# Why doesnt ?



## elite (Aug 30, 2004)

My ATItool save my mem and core settings after a reboot?

Thank You


----------



## elite (Aug 30, 2004)

Hello there,

Over the last few days I'v been trying to overclock my ATI card using the ATITool, But after restarting my computer and then going to run a benchmark test I check the details to find my graphics card mem and core are back to default, why?







I left the ATITool program to find the max mem, after a few mins i seen the temp of my card go up is this to high?






Also Im wanting to overclock my cpu, But I dont understand changing the voltage so will it be safe for me just to turn the FSB up in my bios? if so what shouldnt I go past?

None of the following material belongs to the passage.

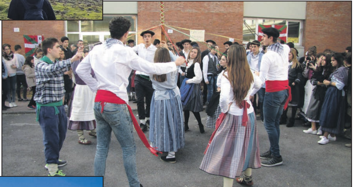
Urteak pasa eta gero...

ikastetxean, bi orientatzaile ditugu-eta; bata derrigorrezko hezkuntza etaparako (DBH eta GE), eta bestea derrigorrezkoaren ondorengorako (Batxilergoa, ZIG eta Zikloak). Hauek, tutore eta irakasle taldearekin batera, ikaslearen jarraipen zehatza egin, eta honen ibilbidea bideratzeko laguntza ematen dute.

If anyone of you had msn or icq that maybe I could speak with that would be fantastic.... thanks!!!!!


----------



## W1zzard (Aug 30, 2004)

on reboot your card resets to default .. when atitool is loaded it loads the settings from "2d profile" .. to get this at startup let atitool start at windows start (-> settings -> misc) .. also try disabling overdrive


----------



## sersalpha (Aug 30, 2004)

I'd probably leave the 2D profile set to your default speeds. As long as ATITool is in the tray and your 3D profile is set to your overclocked speeds, whenever you run a 3D application, ATITool automatically overclocks your card. Running your card overclocked in 2D mode puts unnecessary stress on your video card. Basically, you get the performance only when it's needed. This is one of the many reasons why ATITool is the best ATI card overclocking tool out there, IMHO.


----------



## Quazi (Aug 31, 2004)

Also, when you find a clock speed you want to keep, click the "New" tab and give it a name. Then when you reboot and want to go back to that clock speed, just click the arrow in the pull down list and it will be right there. Highlight it and click "Load".


----------